В светлый праздник 9 Мая вновь дала о себе знать банда похитителей икон, возглавляемая Михаилом Зацепиным (фамилия изменена). Впервые эти люди дали о себе знать в октябре 1977 года, когда совершили кражу икон из церкви Знаменская, что в деревне Красное Палехского района Ивановской области. Тогда преступники похитили около 50 икон XVII–XIX веков на общую сумму в 72 тысячи рублей. Похищенное предназначалось для перепродажи иностранцам, причем те заплатили ворам значительно меньше той суммы, что реально стоили иконы – всего 6 тысяч рублей. В течение полугода преступники тратили нажитые грабежом деньги, после чего решились на новое преступление. В ночь с 9 на 10 мая Зацепин и двое его дружков совершили ограбление Свято-Никольской церкви, что в деревне Чихачево Пестяковского района Ивановской области. Действовали грабители уже опробованным однажды способом: приехали в деревню под покровом ночи на двух автомобилях («Волга» и «Жигули»), после чего Зацепин остался на «шухере» (стоял снаружи с рацией), а его напарники вскрыли с помощью ножниц по металлу решетку на окне и проникли внутрь. Добычей «клюквенников» (так в преступном мире именуют грабителей церквей) стали 18 икон на общую сумму 1 650 рублей и церковная утварь на сумму 3 600 рублей. Как и в первом случае, все похищенное предназначалось для продажи иностранцам. Последних еще можно было как-то оправдать: для них православные святыни абсолютно ничего не значили. Но вот грабителей… Хотя Советский Союз считался государством атеистическим, про таких людей и в те годы говорили: «Ничего святого». А банду Зацепина можно было назвать кощунственной вдвойне: последнюю церковь они ограбили в День Победы.

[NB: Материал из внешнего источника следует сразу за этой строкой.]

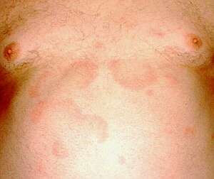 immer wenn ich mich im Westerwald aufhalte, was leider haeufig vorkommt, da ich dort wohne, bekomme ich diese Flecken. Sie fangen als runder daumengrosser Punkt an und werden dann groesser, wobei sie zu zerfledderten Ringen mutieren. Der auftretende Juckreiz ist unterschiedlich von kaum merklich bis unangenehm.
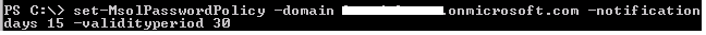 The following sample is settings password expiration to 30 days and notification period to 15 days set-msolpasswordpolicy -domain <your Office 365 tenant> -notificationdays 15 -validityperiod 30
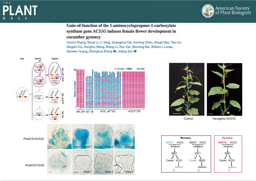 近期,中國農(nóng)業(yè)科學(xué)院蔬菜花卉研究所功能基因課題組首次證實了黃瓜中顯性全雌基因(Female)編碼乙烯合成途徑中的關(guān)鍵酶ACS1G,并深入研究了其作用機制。相關(guān)研究內(nèi)容《Gain-of-function of the 1-aminocyclopropane-1-carboxylate synthase gene ACS1G induces female flower development in cucumber gynoecy》于12月2日在線發(fā)表于《The Plant Cell》上。
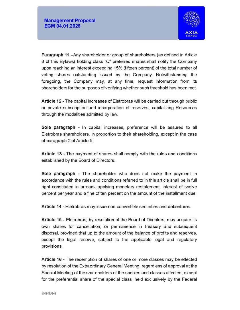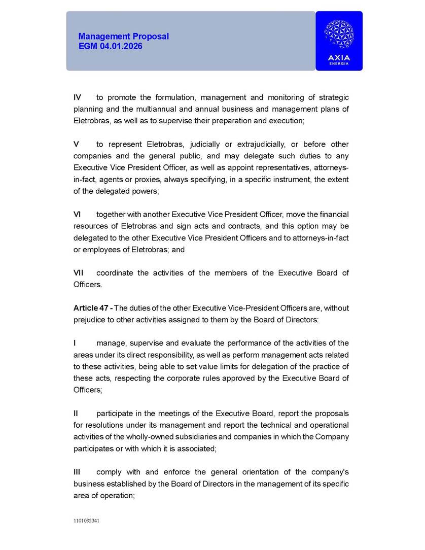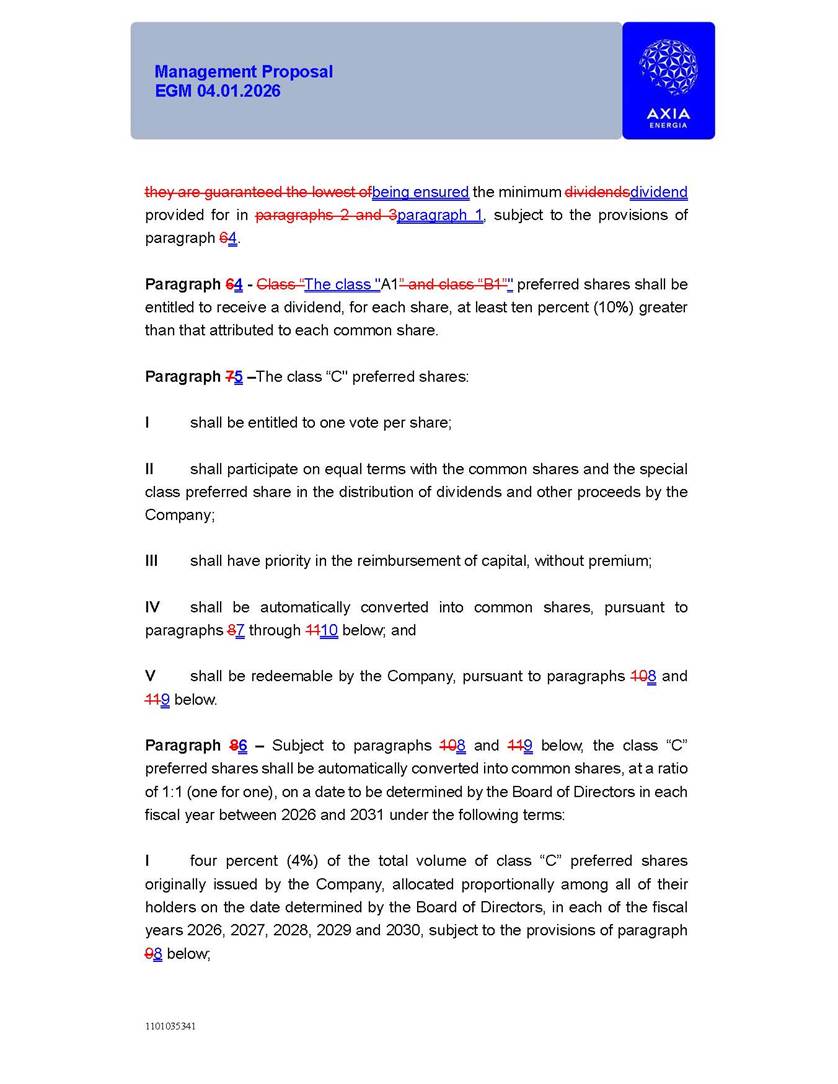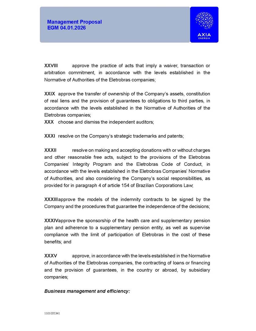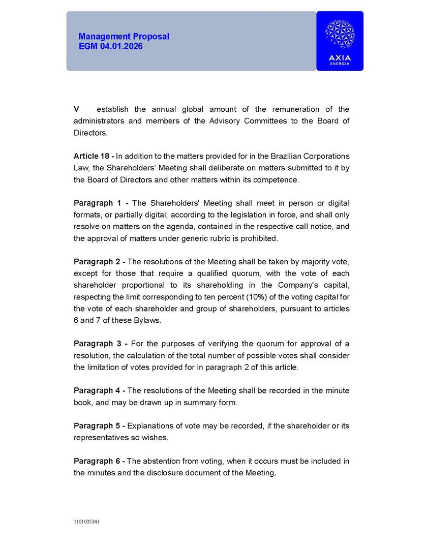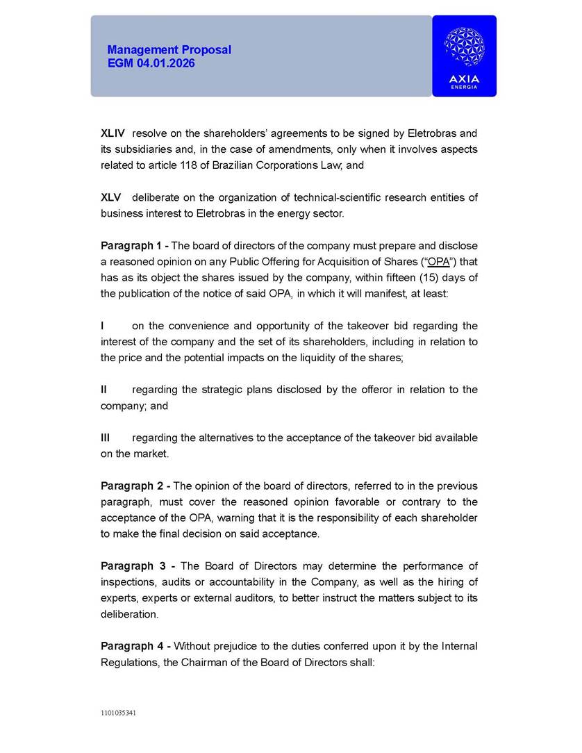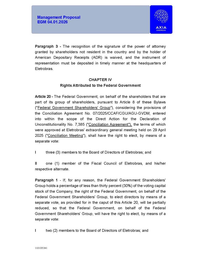 1101035341 Management Proposal EGM 04.01.2026 Management Proposal EGM 04.01.2026 1101035341 Management Proposal EGM 04.01.2026 Index 1. Manual for Participation ................................................................... 47 1.1. Introduction ...................................................................................... 47 1.2. Exclusively Digital Meeting .............................................................. 58 1.3. Remote Voting Ballot (BVD) ............................................................ 69 1.4. Required Documents ..................................................................... 812 1.5. Registration and Accreditation ..................................................... 1013 1.6. Declaration of Membership in a Group of Shareholders .............. 1215 2. Management Proposal .............................................................. 1417 2.1. General Guidelines ...................................................................... 1417 2.2. Agenda ........................................................................................ 1518 2.3. Clarifications on the agenda of the EGM ..................................... 1621 2.4. List of Schedules ......................................................................... 3344 2.5. Conclusion ................................................................................... 3545 SCHEDULE 1 ............................................................................................... 3646 SCHEDULE 2 ............................................................................................... 4259 SCHEDULE 3 ............................................................................................... 4664 SCHEDULE 4 ............................................................................................ 101119 SCHEDULE 5 ........................................................................................... 138157 SCHEDULE 6 ........................................................................................... 189208 SCHEDULE 7 ........................................................................................... 193212 SCHEDULE 8 ........................................................................................... 247266 SCHEDULE 9 ........................................................................................... 284304 1101035341 Management Proposal EGM 04.01.2026 1101035341 Management Proposal EGM 04.01.2026 1. Manual for Participation 1.1. Introduction The Management of CENTRAIS ELÉTRICAS BRASILEIRAS S.A. – Eletrobras, a corporation, headquartered in the City of Rio de Janeiro, State of Rio de Janeiro, at Avenida Graça Aranha, No. 26, Store A, Downtown, Zip code 20030-090, registered in the National Registry of Legal Entities (Cadastro Nacional de Pessoas Jurídicas) ("CNPJ") under No. 00.001.180/0001-26 ("Company" or "AXIA Energia"), with its bylaws filed with the Commercial Registry of the State of Rio de Janeiro (Junta Comercial do Estado do Rio de Janeiro) under NIRE 33.3.00346767, registered with the Brazilian Securities and Exchange Commission (Comissão de Valores Mobiliários) ("CVM") as a publicly-held company category "A" under the code 00243-7, with its securities currently admitted to trading on Level 1 of Corporate Governance of B3 S.A. – Brasil, Bolsa, Balcão ("B3"), pursuant to Brazilian Law No. 6,404, of 1976 ("Brazilian Corporate Law"), and CVM Resolution No. 81, of 2022 ("RCVM 81"), presents this Participation Manual, containing the information, documents and clarifications to guide the participation of shareholders at the Company's Extraordinary General Meeting, to be held exclusively digitally, on first call, on April 1, 2026, at 4 p.m., considering, therefore, to be held at the Company's headquarters ("Meeting" or "EGM" and "Manual", respectively), as well as the management proposal regarding the resolutions on the agenda, including the analysis of the matters submitted to the shareholders at the Meeting ("Management Proposal"). The Company's Management clarifies that, on this same date, it is also disclosing the call notice calling the Special Meeting of Class "A1" Preferred Shareholders ("PNA1") ("PNA1 Special Meeting") and the Special Meeting of Class "B1" Preferred Shareholders ("PNB1") ("PNB1 Special Meeting"), to be held, likewise, on April 1, 2026. As will be detailed in this Management Proposal, the PNA1 Special Meeting and the PNB1 Special Meeting are part of the context of this EGM, being held pursuant to and for the purposes of article 136, §1, of the Brazilian Corporate Law, given that the EGM agenda contemplates proposals for conversion of PNA1 and PNB1 shares. 1101035341 Management Proposal EGM 04.01.2026 1.2. Exclusively Digital Meeting The Meeting will be exclusively digital, to be held through the digital platform of "Atlas AGM" ("Digital Platform"). The exclusively digital format is intended to facilitate the participation of shareholders and others involved in the Meeting, pursuant to the Brazilian Corporate Law, RCVM 81 and the Company's Bylaws. Shareholders who wish to participate in the Meeting must register on the https://atlasagm.com website or through the "Atlas AGM" application available on the Apple Store and Google Play Store ("Application") and submit all documents necessary to qualify for participation or voting at the Meeting by 11:59 p.m. on March 30, 2026. The Digital Platform meets the requirements set forth in article 28, paragraph 1, items I to III, of RCVM 81 and the Meeting will be fully recorded. By accessing the Digital Platform and participating in the Meeting, the Admitted Shareholder (as defined below) authorizes the Company, and third parties authorized by the Company, to record and use the information, in accordance with applicable law. The recordings and related information will be used and processed by the Company for a period of five years, and may be used for the Company's de

Среда, 10 мая, оказалась на удивление богата самыми разными событиями. Рискуя показаться нескромным, начну все же с себя. В тот день с утра я отправился получать паспорт в 143-е отделение милиции Красногвардейского района (на Домодедовской улице). На душе было радостно, в голове крутились строчки хрестоматийного стихотворения пролетарского трибуна Маяковского «Я достаю из широких штанин… я гражданин…» и т. д. Однако радость от этого события была омрачена молодой паспортисткой. Эта дамочка, выводя тушью мою фамилию, сделала ошибку: вместо буквы «а» написала «о». Получилось – Роззаков. Читатель вправе удивиться: эка невидаль, взять и дорисовать закорючку. Я тоже так думал. А оказалось, чтобы это сделать, надо завизировать эту операцию у начальника паспортного стола. А того, как назло, на месте не оказалось. В итоге я просидел в отделении чуть ли не полдня. Так я впервые по-настоящему столкнулся с советской бюрократической системой (кстати, с тех пор она мало в чем изменилась, хотя живем мы уже вроде бы в другой стране).

В те самые часы, когда я сидел в отделении милиции и клял советских бюрократов, в Одессе Станислав Говорухин приступил к съемкам сериала «Место встречи изменить нельзя». В одесском парке культуры и отдыха начали сниматься эпизоды «в бильярдной»: Жеглов (Владимир Высоцкий) находит там вора Копченого (Леонид Куравлев) и, гоняя с ним шары, заставляет его признаться, откуда он взял браслетик в виде змейки, принадлежавший до этого убиенной гражданке Груздевой. Съемки начались около десяти утра и продолжались до четырех вечера (бильярдную будут снимать два дня). Вот как об этом вспоминает один из участников – актер Лев Перфилов (он играл фотографа Гришу Ушивина):

«Высоцкий совершенно не умел играть в бильярд, и все забитые им на экране шары были забиты на съемках Куравлевым…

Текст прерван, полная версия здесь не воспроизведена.